# Man caught red handed "we're just friends"



## Beowulf (Dec 7, 2011)

There have been a few threads lately of wayward spouses claiming the "we're just friends" excuse. I thought this was a good example of how insidious people can become and how blind their spouses can be.

Ryan's Roses Amanda - YouTube


----------



## Thorburn (Nov 23, 2011)

My WS used this excuse in 2010 with an EA and then again in 2011 with an EA/PA. I did not buy it. Of course I had evidence.

2010 - confrontation - her: "oh that, we are just friends, we were just doing innocent flirting". Me: "oh yea, read the emails". Her: as she is reading the emails from her, "do not break up with me!". "Please don't" "I love you", "I have feelings for you" "I know what we did was wrong but I love you and we can work through it".,,,Etc..JUST FRIENDS YEA RIGHT.

2011 - Her: "we are just friends" "We just kissed" then "WE HAD SEX!!!!!" 


Yea, Beowulf these were just friends.

In my case I was not blind to the "we are just friends excuse".

But you are right about posters here. I do not get it how people buy into that excuse. Of course we are the BS and having spent any amount of time here on TAM we become educated and soon we see it all and see the patterns.

The other thing that pisses me off are the posters who say, "I know I was wrong but I checked my wife's/husband's computer, phone, FB (you name it) and found THAT HE/SHE is cheating on me." Why the hel* are they so apologetic and saying they are wrong for checking their spouses stuff?


----------



## snap (Oct 3, 2011)

Thorburn said:


> The other thing that pisses me off are the posters who say, "I know I was wrong but I checked my wife's/husband's computer, phone, FB (you name it) and found THAT HE/SHE is cheating on me." Why the hel* are they so apologetic and saying they are wrong for checking their spouses stuff?


It's a form of insecurity.

They are typically young people with little life experience who've been taught the values of privacy and respecting the others. But there's time and place for everything, and unfortunately finer, inconvenient nuances of life when you *should* put your interests first are skipped in the school.


----------



## In_The_Wind (Feb 17, 2012)

snap said:


> It's a form of insecurity.
> 
> They are typically young people with little life experience who've been taught the values of privacy and respecting the others. But there's time and place for everything, and unfortunately finer, inconvenient nuances of life when you *should* put your interests first are skipped in the school.

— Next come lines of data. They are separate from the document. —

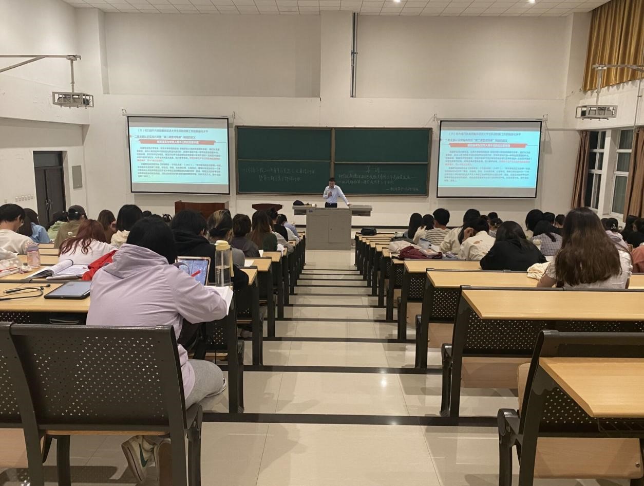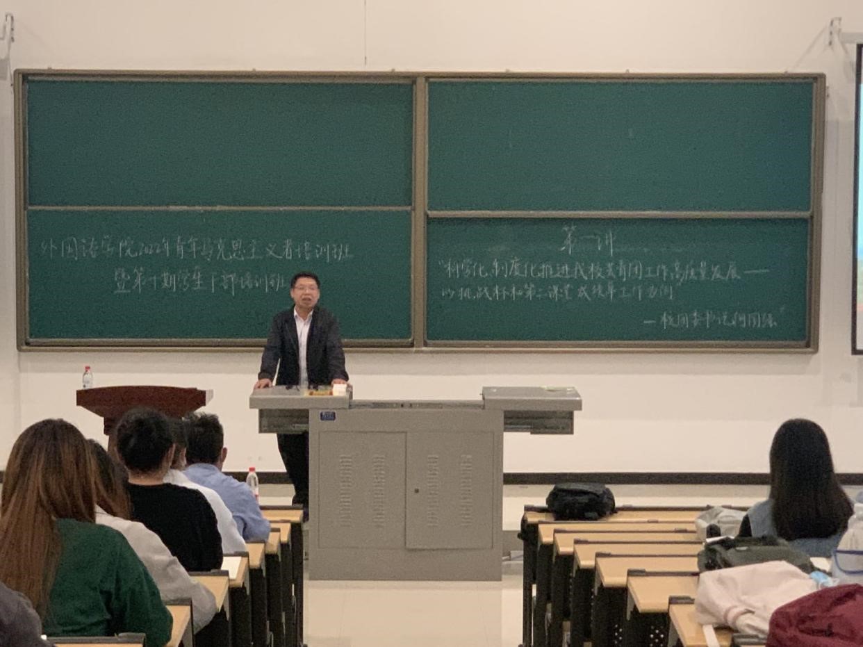 在石工地科楼115举办2022年青年马克思主义者培训班暨第十期学生干部培训班。邀请学校团委书记何国强担任主讲老师,学院党委副书记王业青做了开班仪式动员,活动由学院辅导员陈浩主持。
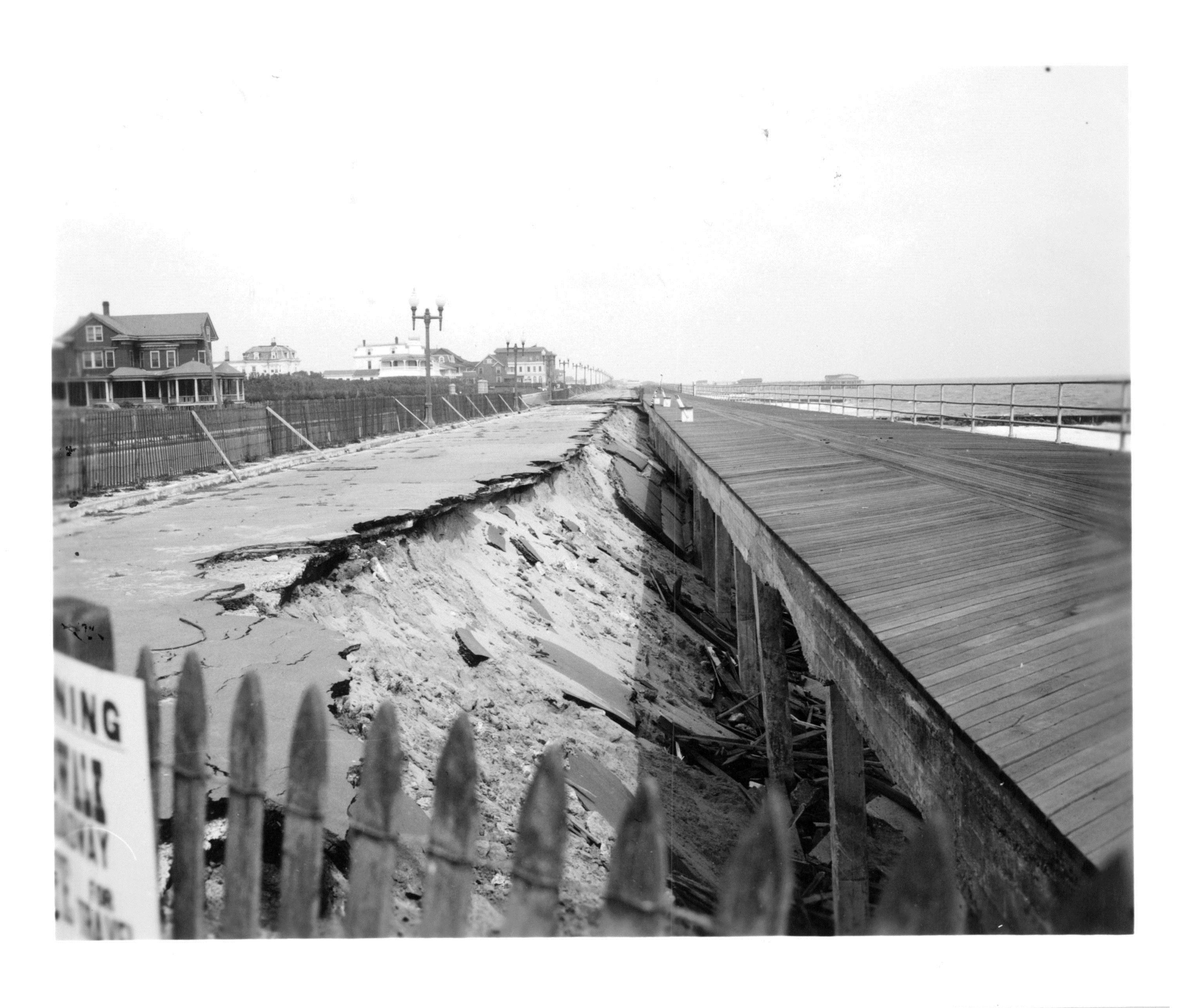 Reverse of Photo: Road Cave-in & boardwalk destruction
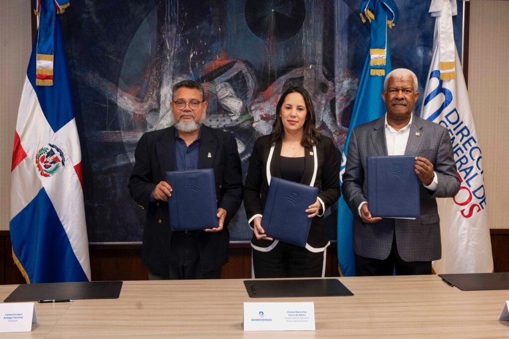 El convenio fue rubricado por Alieska Díaz, vicepresidenta ejecutiva senior Administrativa de Banreservas; Daniel García Archibald, vicepresidente de Relaciones Públicas de la entidad financiera, y Carlos Andújar, director del DGM.
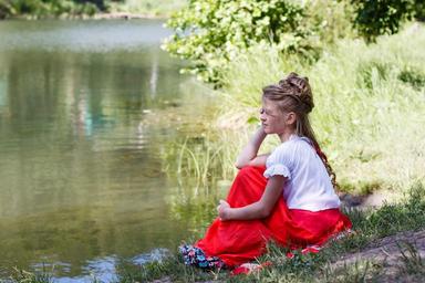 Keywords: nature water pond view of the lake lake reflection in the water summer silence background red good luck soothing calm floating water girl assol hill river bank lake shore beach pond
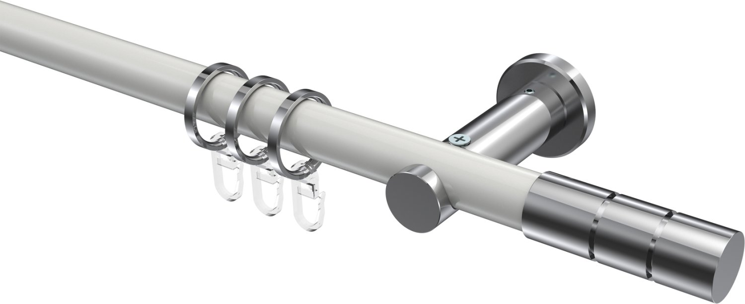 Gardinenstangen aus Metall in 20 mm Ø, 1-läufig, Modell PLATON - Elanto Weiß / Chrom
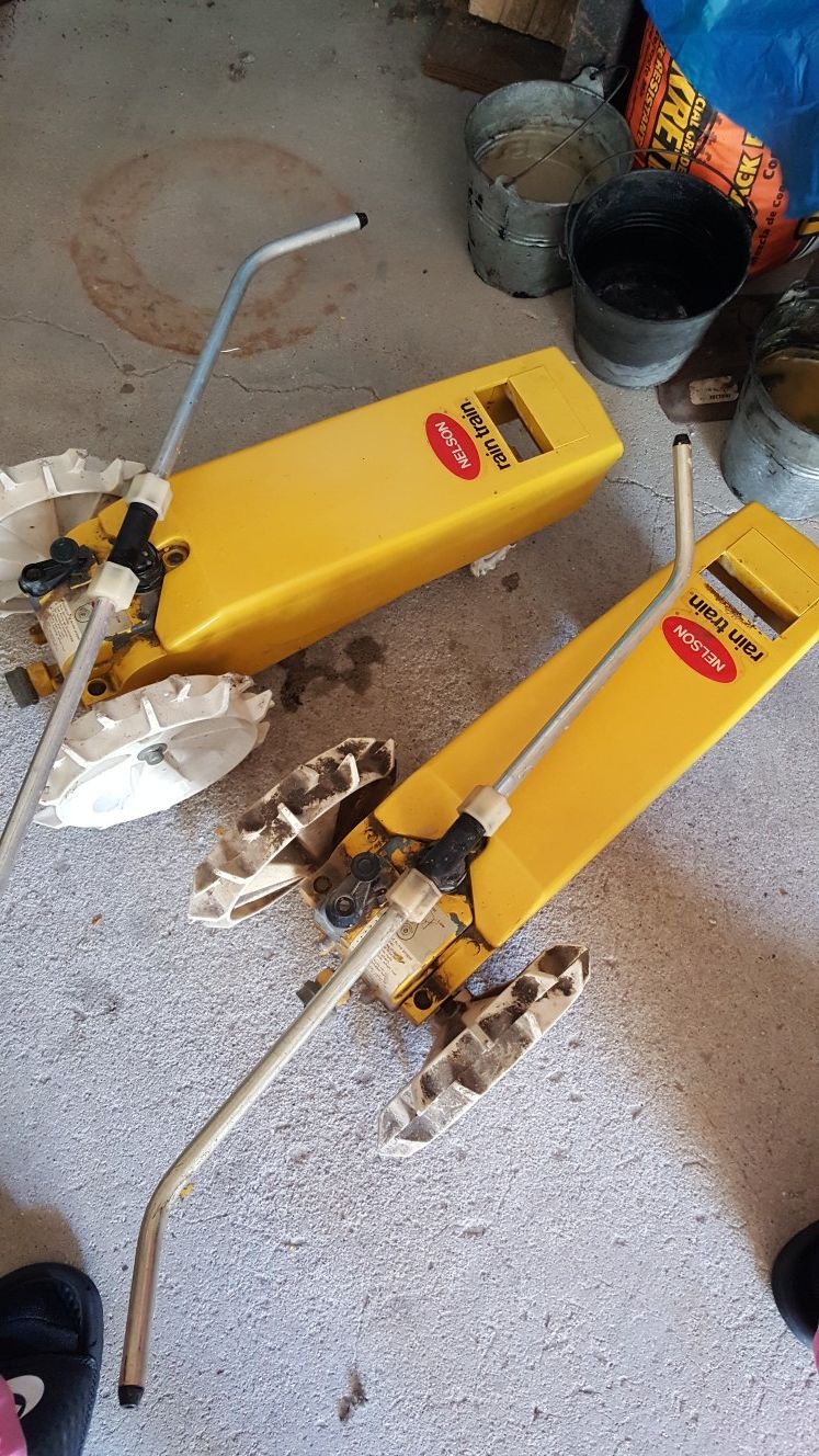 This Nelson Rain Train Traveling Sprinkler can cover up to 13,500 square feet which makes it ideal for medium to large lawns. It follows the path set out by the hose and automaticlly stops when it reaches the designated stopping point. FeaturesCovers up to 13500 square feetTravels up to 200 feetPropels across the lawn following the pattern you lay out with the hoseEquipped with 3 speed settingsDesigned to automatically shut off at any given point along your hose trackIdeal for medium to large lawnsCast iron body with chip resistant powder-coat paint Selling as a pair.
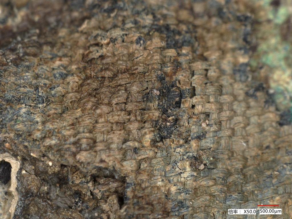 “三星堆库房里面还有大量青铜器包块,这些青铜器包块明显被焚烧过,在这个包块上面也找到了丝。这是非常明显的丝绸,看得非常清楚,平纹的致密的丝绸。我相信当时这块丝绸是非常厚实的,并且颜色鲜亮。”周旸说。
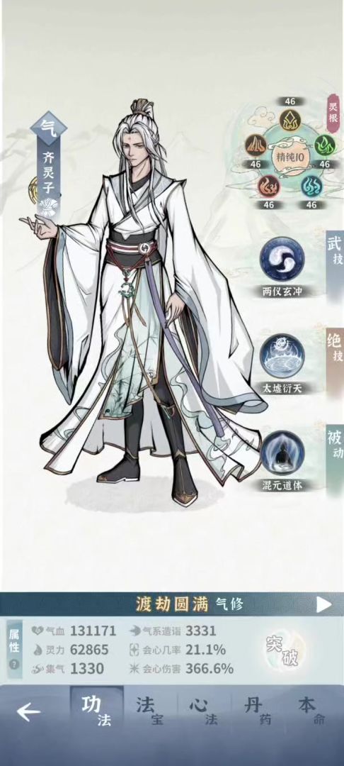 如视频,心法无莲塔的。丹可以说没有,所以境界虽然是圆满但也没差了。装备都是6阶,7的飞舟属性也和6的没啥区别,没有鹤。没有契灵,宠物单仙。这里有一个点,回归的没有青冥戒,首领伤会少11,实际并无影响,因为使用龙心+猿进去后会达成60+30满80首领减伤。忘录面板了补一下图供对照:

Most folks have a trusting nature would be my best guess. Alls fair in love and war as they say based on past life experiences I am transparent with my spouse and she with me These areas should be discussed and not ignored even in a blossoming romance. If i suspected my spouse of cheating then in my terms the gloves are off so to speak and all is fair besides i wouldnt expect any privacy in a marriage except when in the bathroom.


----------



## FrankKissel (Nov 14, 2011)

snap said:


> It's a form of insecurity.
> 
> They are typically young people with little life experience who've been taught the values of privacy and respecting the others. But there's time and place for everything, and unfortunately finer, inconvenient nuances of life when you *should* put your interests first are skipped in the school.


Wait ....you're saying NOT spying is a form of insecurity? Hmmm.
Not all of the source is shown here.